Exercise details:
Reproduce exactly the span of lines beginning at the one with "Ideales para plantas" and ending at the last line of the data below, omitting pictures.

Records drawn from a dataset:

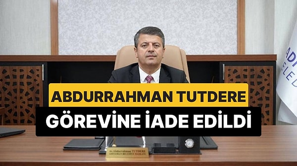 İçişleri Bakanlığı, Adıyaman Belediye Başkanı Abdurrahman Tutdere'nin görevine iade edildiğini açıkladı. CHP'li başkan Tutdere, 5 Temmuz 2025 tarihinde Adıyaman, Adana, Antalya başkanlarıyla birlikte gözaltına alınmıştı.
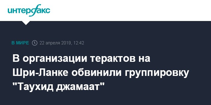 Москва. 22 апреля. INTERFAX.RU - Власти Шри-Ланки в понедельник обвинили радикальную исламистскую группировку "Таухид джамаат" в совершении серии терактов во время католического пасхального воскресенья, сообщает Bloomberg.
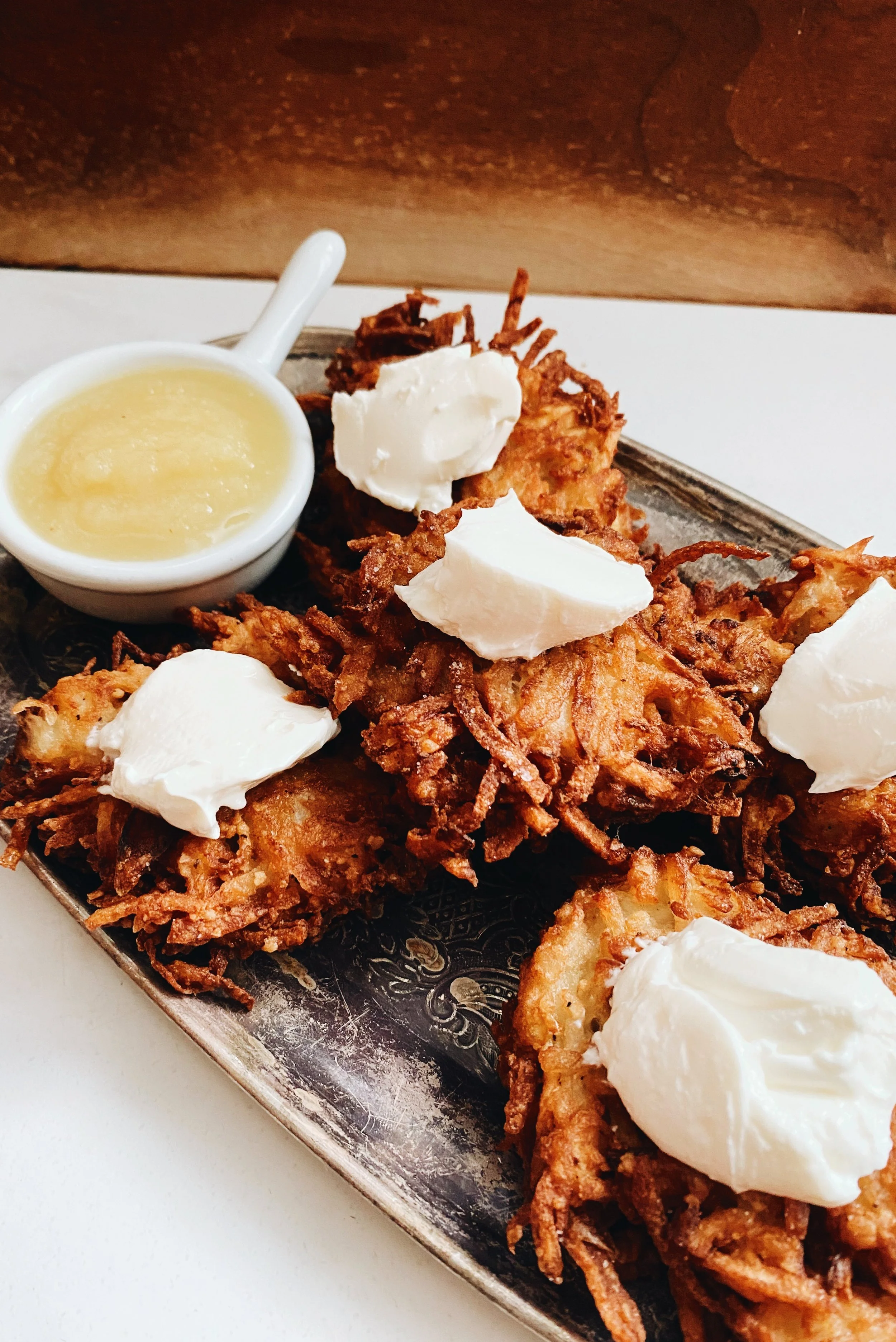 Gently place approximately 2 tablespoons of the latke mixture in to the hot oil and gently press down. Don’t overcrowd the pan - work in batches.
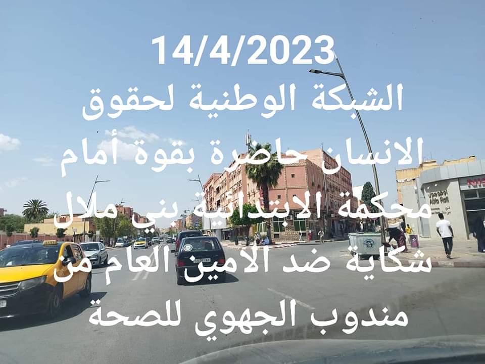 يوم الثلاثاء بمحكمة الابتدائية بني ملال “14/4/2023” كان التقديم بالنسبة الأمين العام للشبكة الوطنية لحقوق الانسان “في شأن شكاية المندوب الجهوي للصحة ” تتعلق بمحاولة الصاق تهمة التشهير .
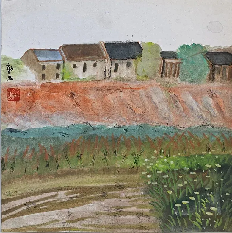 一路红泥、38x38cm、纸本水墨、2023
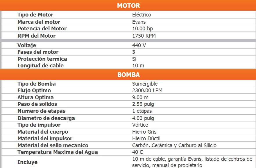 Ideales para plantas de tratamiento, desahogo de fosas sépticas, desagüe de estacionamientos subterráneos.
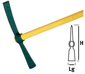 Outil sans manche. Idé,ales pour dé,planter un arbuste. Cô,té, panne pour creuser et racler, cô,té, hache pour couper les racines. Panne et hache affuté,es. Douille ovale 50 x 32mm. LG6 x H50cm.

Reply to the task:
 Ideales para plantas de tratamiento, desahogo de fosas sépticas, desagüe de estacionamientos subterráneos.
 Outil sans manche. Idé,ales pour dé,planter un arbuste. Cô,té, panne pour creuser et racler, cô,té, hache pour couper les racines. Panne et hache affuté,es. Douille ovale 50 x 32mm. LG6 x H50cm.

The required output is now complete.